Try it: Only the lines from the one that contains "พอเราผ่าน Foyer เข้ามาด้านในจะเป็น" to the last line below, both included, should be transcribed. Pictures stay out of the copy.

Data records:
········
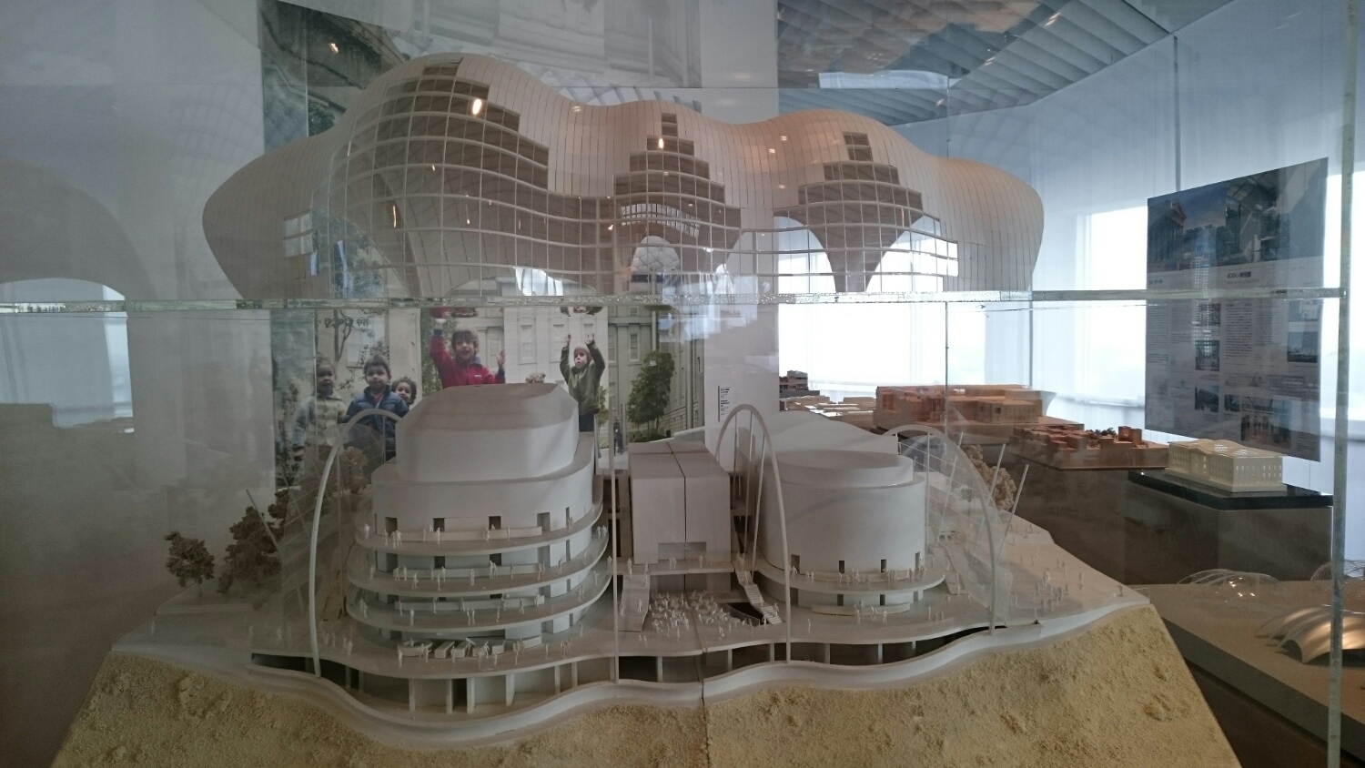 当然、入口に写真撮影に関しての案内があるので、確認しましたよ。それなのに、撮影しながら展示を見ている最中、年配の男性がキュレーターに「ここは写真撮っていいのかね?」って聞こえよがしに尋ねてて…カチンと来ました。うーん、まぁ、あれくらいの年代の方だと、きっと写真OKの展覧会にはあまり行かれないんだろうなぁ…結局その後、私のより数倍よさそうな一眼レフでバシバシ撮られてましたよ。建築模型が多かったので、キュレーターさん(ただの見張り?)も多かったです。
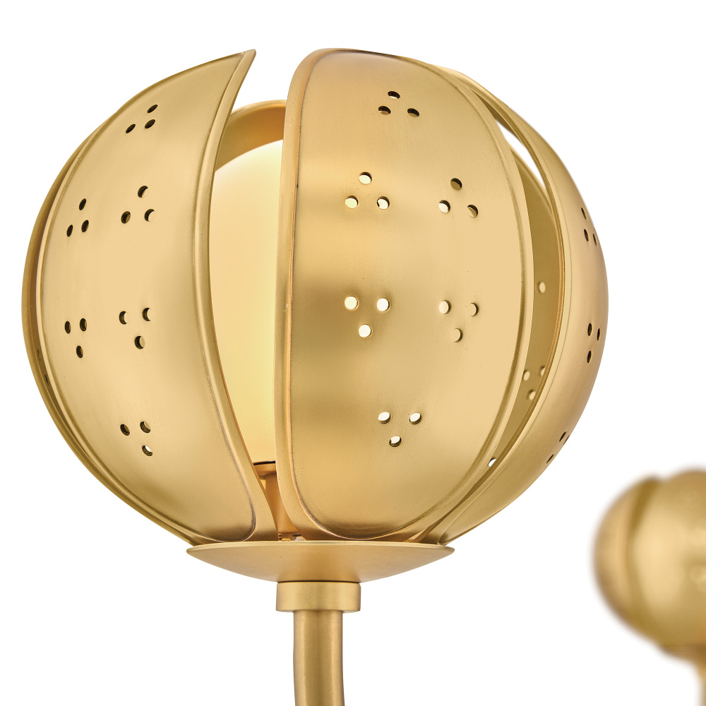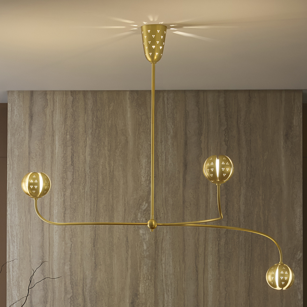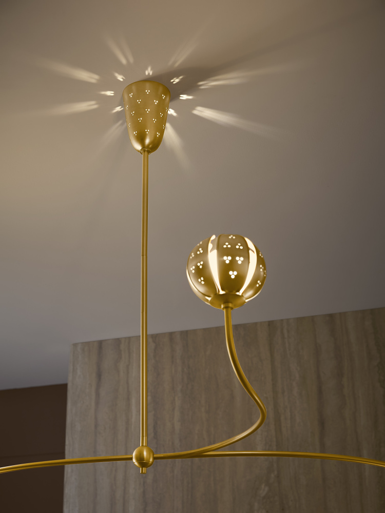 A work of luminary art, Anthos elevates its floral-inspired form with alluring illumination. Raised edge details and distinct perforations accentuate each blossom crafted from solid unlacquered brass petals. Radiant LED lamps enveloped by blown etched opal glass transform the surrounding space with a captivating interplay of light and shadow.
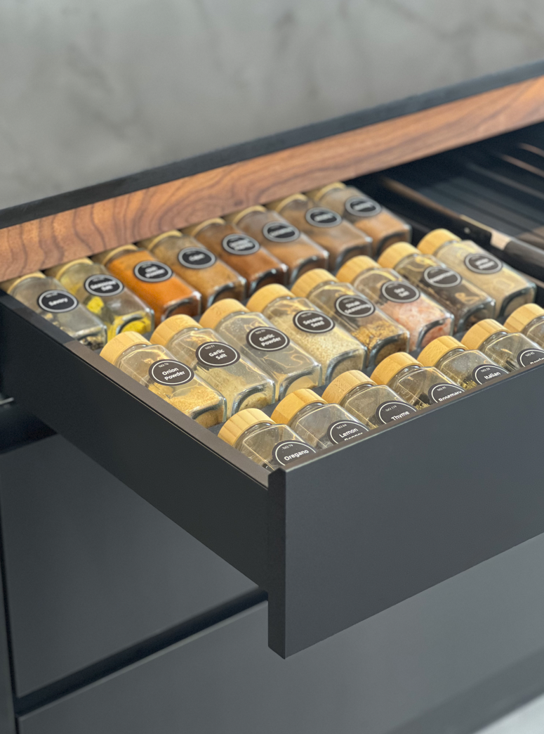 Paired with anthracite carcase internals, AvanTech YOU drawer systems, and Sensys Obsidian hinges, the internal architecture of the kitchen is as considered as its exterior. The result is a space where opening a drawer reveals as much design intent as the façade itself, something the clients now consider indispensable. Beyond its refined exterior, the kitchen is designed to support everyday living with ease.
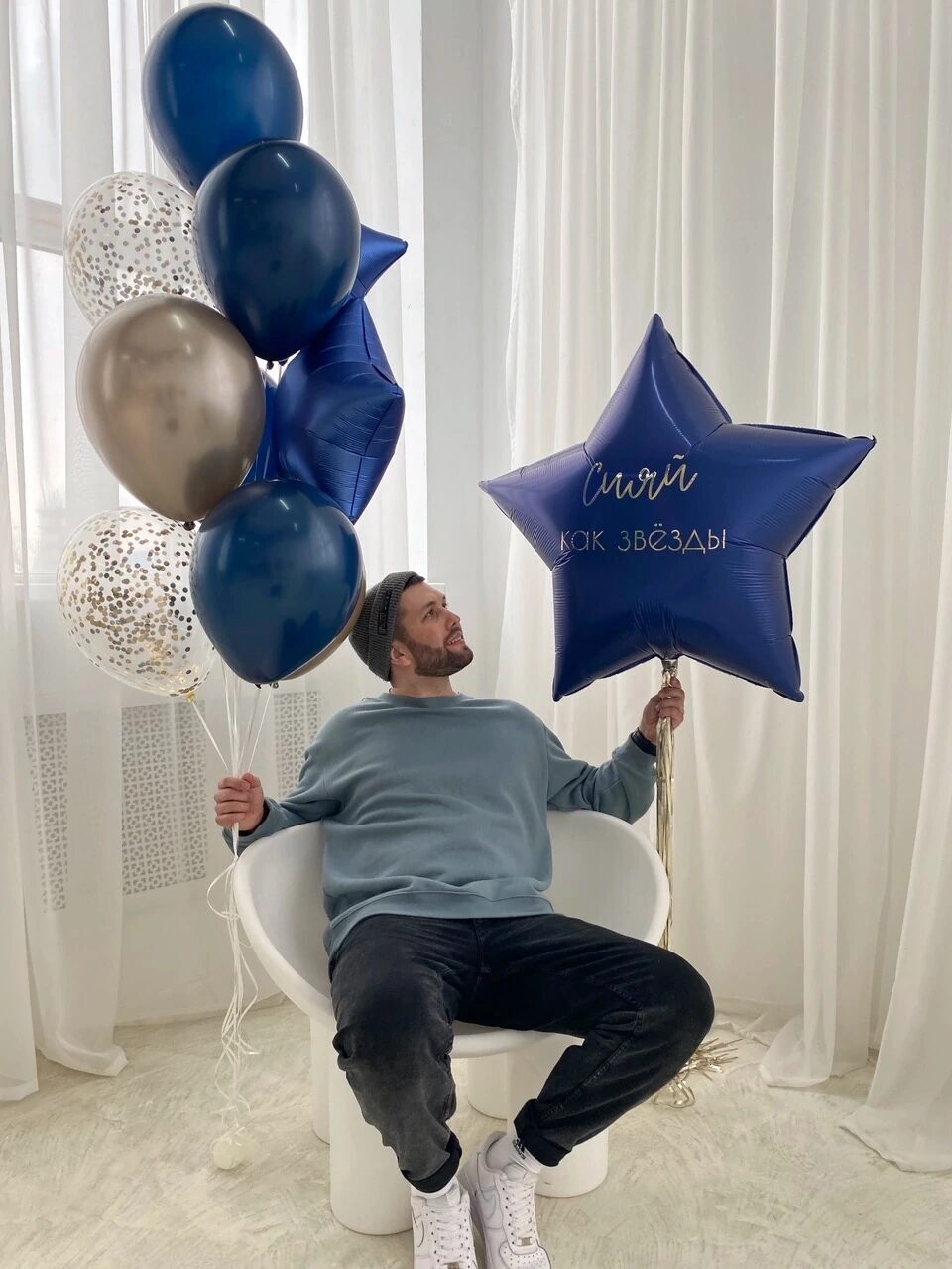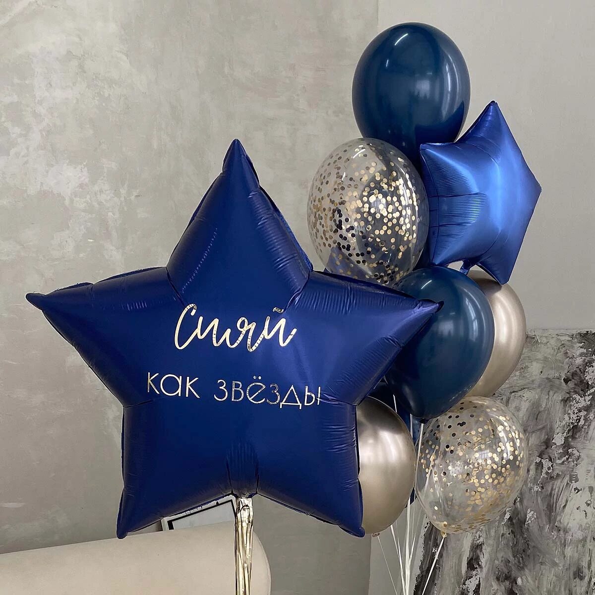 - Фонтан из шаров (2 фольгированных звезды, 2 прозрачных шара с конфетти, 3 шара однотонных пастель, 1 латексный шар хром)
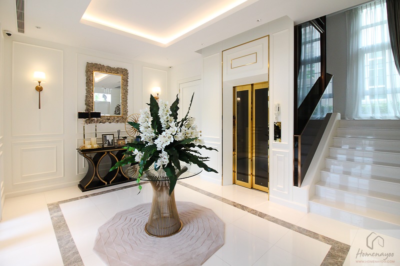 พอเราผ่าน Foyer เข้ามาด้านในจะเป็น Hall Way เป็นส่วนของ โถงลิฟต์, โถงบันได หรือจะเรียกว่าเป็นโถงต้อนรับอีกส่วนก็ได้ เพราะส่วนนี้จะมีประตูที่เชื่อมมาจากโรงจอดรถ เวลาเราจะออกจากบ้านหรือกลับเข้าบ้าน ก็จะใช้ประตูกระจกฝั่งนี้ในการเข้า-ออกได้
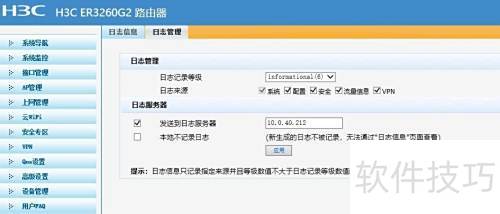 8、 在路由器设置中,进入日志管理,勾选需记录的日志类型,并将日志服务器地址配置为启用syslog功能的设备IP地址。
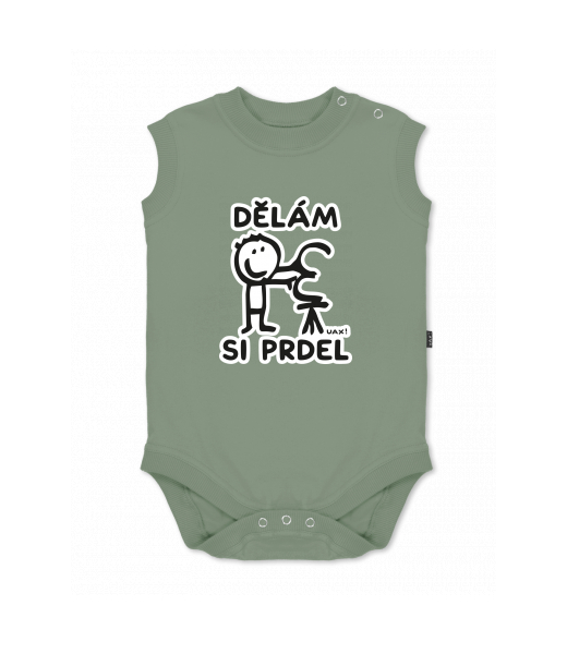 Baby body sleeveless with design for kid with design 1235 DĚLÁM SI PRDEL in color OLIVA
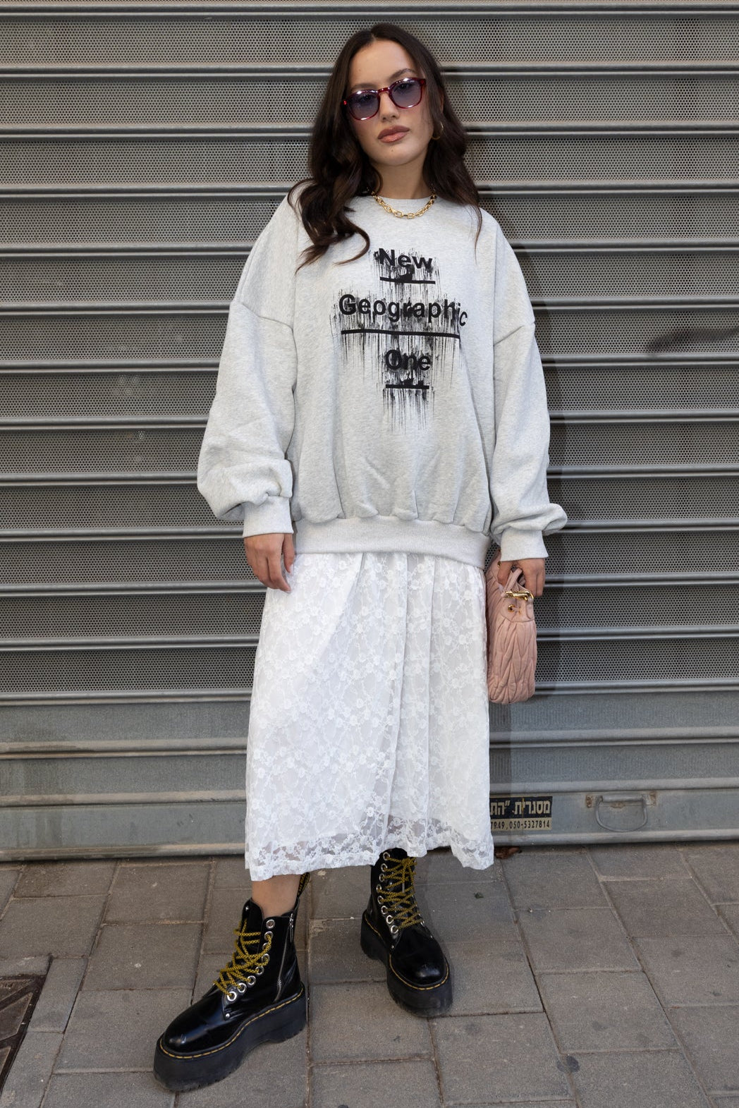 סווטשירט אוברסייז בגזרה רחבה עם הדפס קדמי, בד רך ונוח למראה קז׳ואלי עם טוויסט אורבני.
········
Answer space:
 พอเราผ่าน Foyer เข้ามาด้านในจะเป็น Hall Way เป็นส่วนของ โถงลิฟต์, โถงบันได หรือจะเรียกว่าเป็นโถงต้อนรับอีกส่วนก็ได้ เพราะส่วนนี้จะมีประตูที่เชื่อมมาจากโรงจอดรถ เวลาเราจะออกจากบ้านหรือกลับเข้าบ้าน ก็จะใช้ประตูกระจกฝั่งนี้ในการเข้า-ออกได้
 8、 在路由器设置中,进入日志管理,勾选需记录的日志类型,并将日志服务器地址配置为启用syslog功能的设备IP地址。
 Baby body sleeveless with design for kid with design 1235 DĚLÁM SI PRDEL in color OLIVA
 סווטשירט אוברסייז בגזרה רחבה עם הדפס קדמי, בד רך ונוח למראה קז׳ואלי עם טוויסט אורבני.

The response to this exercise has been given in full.